* **Data provided**
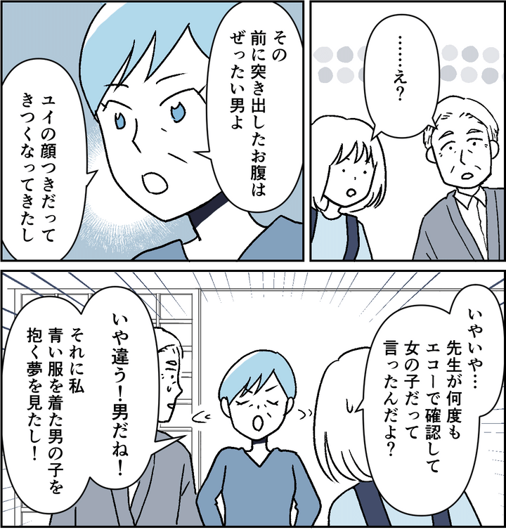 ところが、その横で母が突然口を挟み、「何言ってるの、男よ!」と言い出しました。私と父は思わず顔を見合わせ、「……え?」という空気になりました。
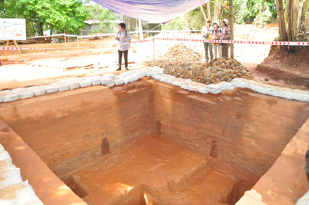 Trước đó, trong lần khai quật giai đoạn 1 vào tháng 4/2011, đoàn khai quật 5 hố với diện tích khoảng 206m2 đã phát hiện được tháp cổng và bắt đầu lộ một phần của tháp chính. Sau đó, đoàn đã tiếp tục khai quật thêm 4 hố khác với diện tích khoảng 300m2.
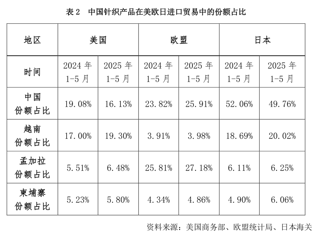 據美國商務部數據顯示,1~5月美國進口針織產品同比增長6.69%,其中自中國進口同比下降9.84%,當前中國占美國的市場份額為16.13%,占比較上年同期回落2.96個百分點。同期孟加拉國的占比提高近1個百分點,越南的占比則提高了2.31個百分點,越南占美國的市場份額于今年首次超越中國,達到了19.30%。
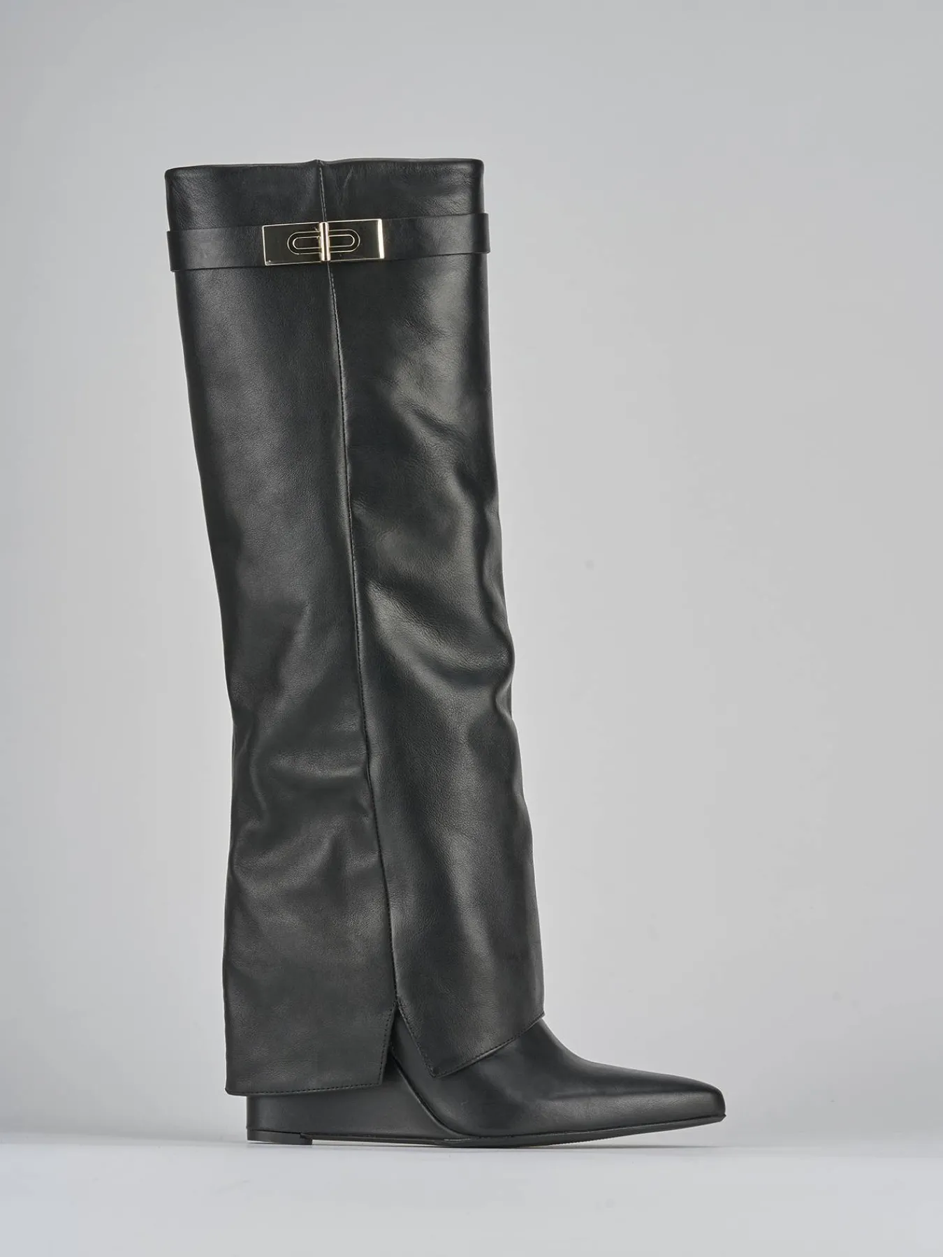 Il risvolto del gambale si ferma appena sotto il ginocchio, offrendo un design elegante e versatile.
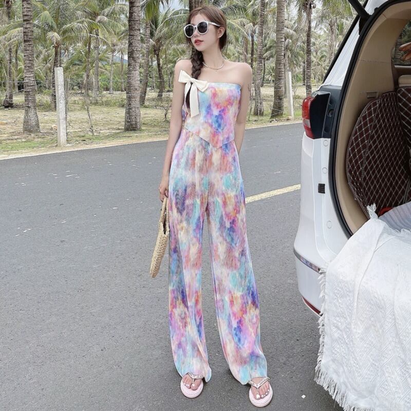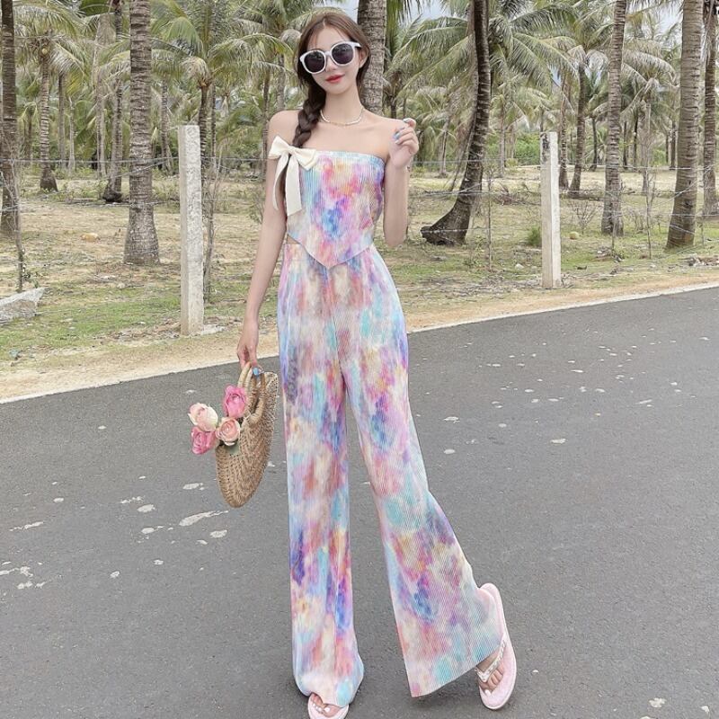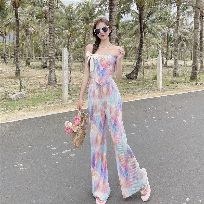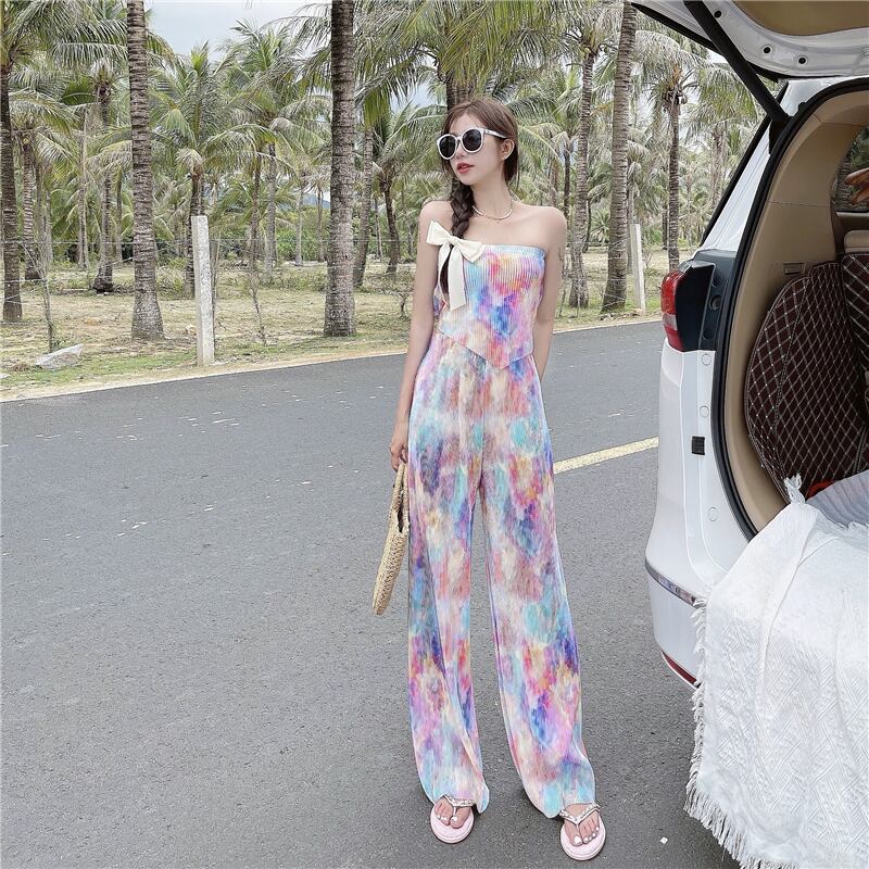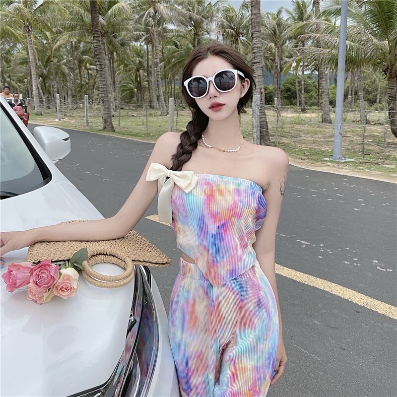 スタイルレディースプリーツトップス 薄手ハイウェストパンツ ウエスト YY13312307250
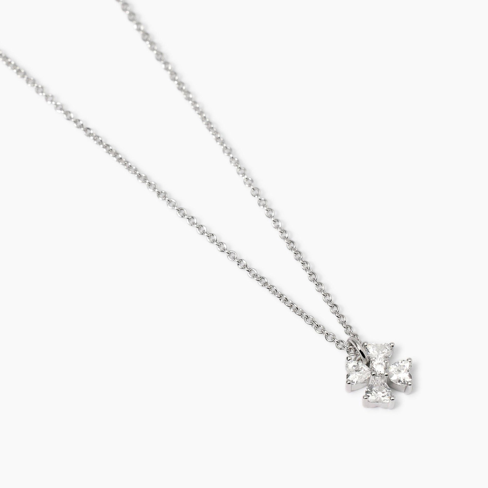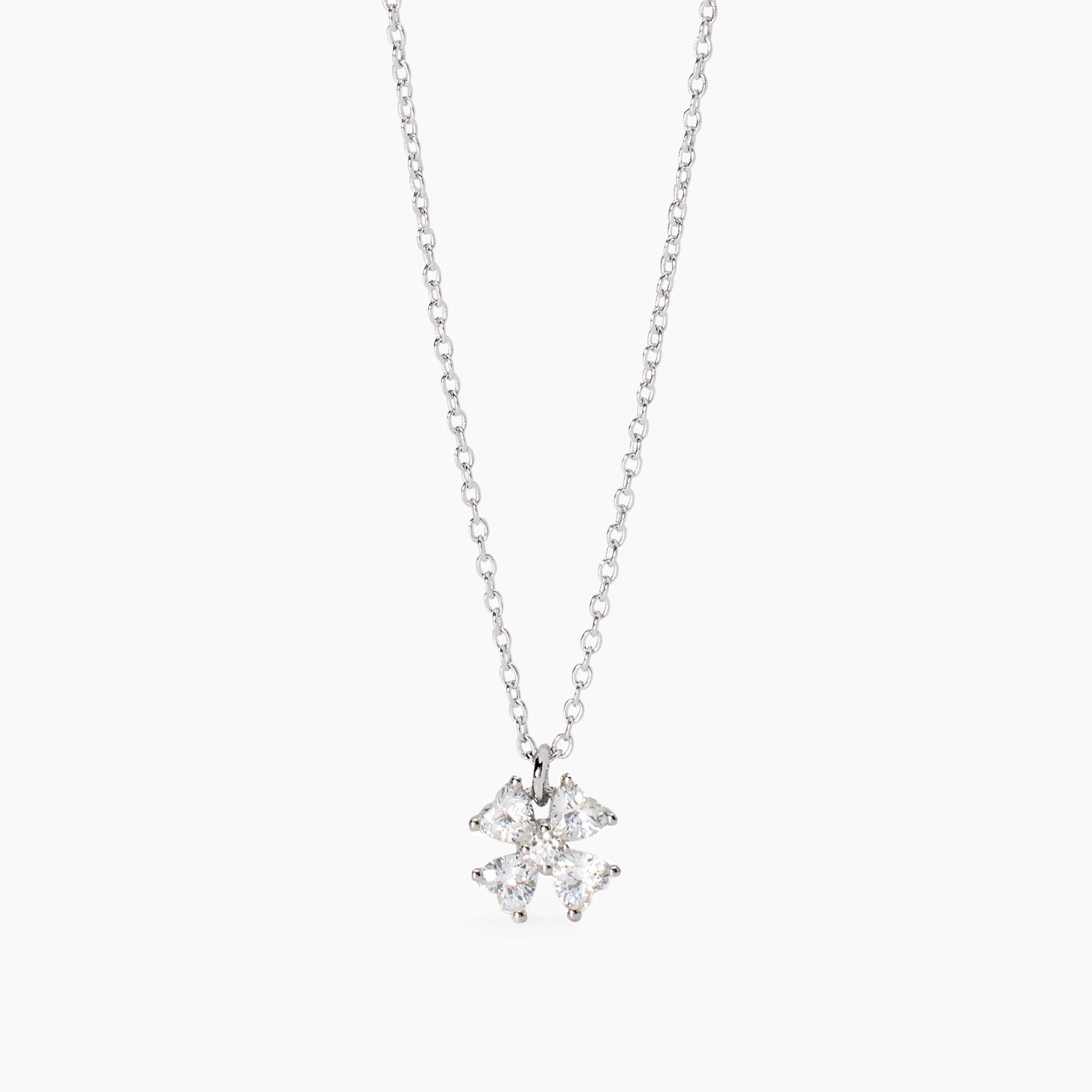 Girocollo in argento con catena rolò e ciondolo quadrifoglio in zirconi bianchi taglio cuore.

* **Required work**
From the line with "Il risvolto del" down to the end of the entries, retype each line exactly as written, but drop the pictures.

* **Exercise answer**
 Il risvolto del gambale si ferma appena sotto il ginocchio, offrendo un design elegante e versatile.
 スタイルレディースプリーツトップス 薄手ハイウェストパンツ ウエスト YY13312307250
 Girocollo in argento con catena rolò e ciondolo quadrifoglio in zirconi bianchi taglio cuore.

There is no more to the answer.